I stood, staggered sideways a few steps, and was glad to catch myself before Dutiful could seize my arm. When a man’s pride is all he has left, he holds it closely. I did not care that they watched as I went to the drapes and triggered the hidden door. I was sick of secrets. Let them all spill out into the daylight. But it wasn’t daylight now. It was night. Let the secrets spill into the night? I shook my head. I had been doing something. Going to the Fool. I clutched my thoughts tightly.
I ascended the stairs. I knew they followed. The room above was yellow with candlelight and hearth fire. I smelled the resinous fragrance of the Mountain forests and suspected that Kettricken burned incense from her home. It cleared my mind and as I entered the chamber, it struck me that I had never seen it so warm and welcoming. My eyes swept over the changes. The crow perched on one of the chairbacks, dozing in the warmth from the fire. “Fitz—Chivalry!” she greeted me. Ash sat on the floor by the hearth at Kettricken’s feet. He gave me a doleful look and then turned his gaze back to the fire. My former queen was ensconced in Chade’s old chair. She had draped a colorful Mountain coverlet over it. On the table beside her, a fat blue teapot painted with leaping hares steamed. Her braided hair was pinned high on her head, and the cuffs of her simple blue gown were folded back as if she were ready to do the day’s scrubbing. She turned to me, a mug of aromatic tea in her hands. Her eyes were concerned but her mouth smiled. “Fitz! I am so relieved you have returned to us, and so worried for little Bee! And for Chade’s daughter!”

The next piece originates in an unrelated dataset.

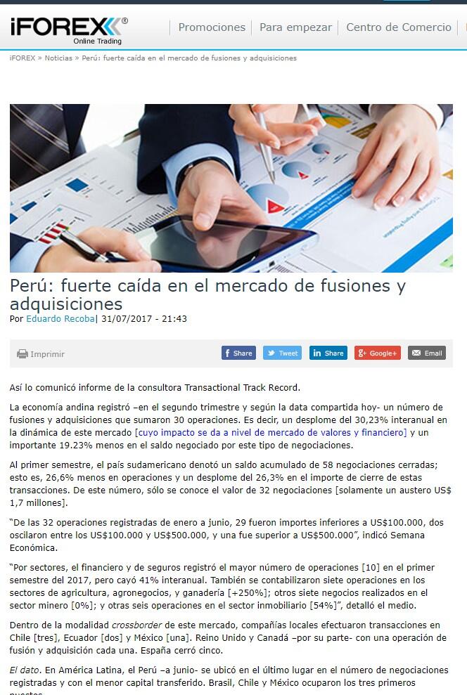 Perú: fuerte caída en el mercado de fusiones y adquisiciones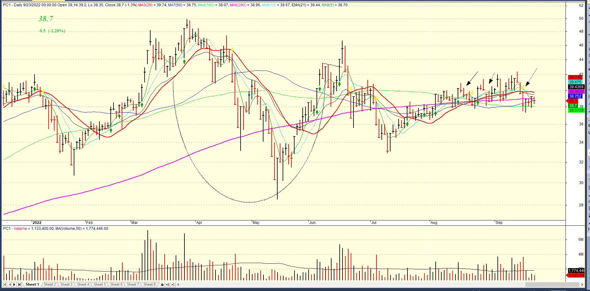 Cổ phiếu PC1 cũng thất bại trong việc phá vỡ nền giá và hình thành mẫu hình “Bát rượu độc của thần chết” vào giữa tháng 6.2022. Cổ phiếu có đợt tăng giá quá nhanh bên phần mạn phải của mẫu hình với 5 tuần tăng giá liên tiếp từ đáy, đợt tăng giá bên mạn phải không chậm lại mà còn quá gấp gáp khiến lượng cung treo lơ lửng trên đầu được hình thành bởi những người mua mắc bẫy giá cao vào đầu tháng 4 chưa kịp bị loại bỏ.

I made no answer to her greeting. My gaze was snagged on the man who sat beside her. He was slender and upright, but his posture was still uncertain. An invalid still, he was robed in soft gray wool; a loose hood covered his head. I could not tell if he could see me or not. The eyes he turned on me were no longer clouded and gray; they gleamed a faint gold as if the firelight reflected in them. He extended a hand toward me. The knuckles were still swollen and his hands were bone-gaunt, but his fingers moved with a shadow of their old grace. He turned his hand palm up and reached toward me. “Fitz?” he asked, and I knew then he could not see me. Yet I had the uncanny feeling he could sense me.
I crossed the room and seized his hand in both of mine. It was slightly cool, as the Fool’s flesh had ever been. “You are better!” I exclaimed, full of relief at the sight of him upright and moving. I had expected to see him gray and failing in the bed. I turned his hand over in mine; the flesh of the back of it was strangely puckered. It reminded me of an unfledged squab.
“I am alive,” he rejoined. “And more vital. Better? I do not know. I feel so different that I cannot say if I am better or not.”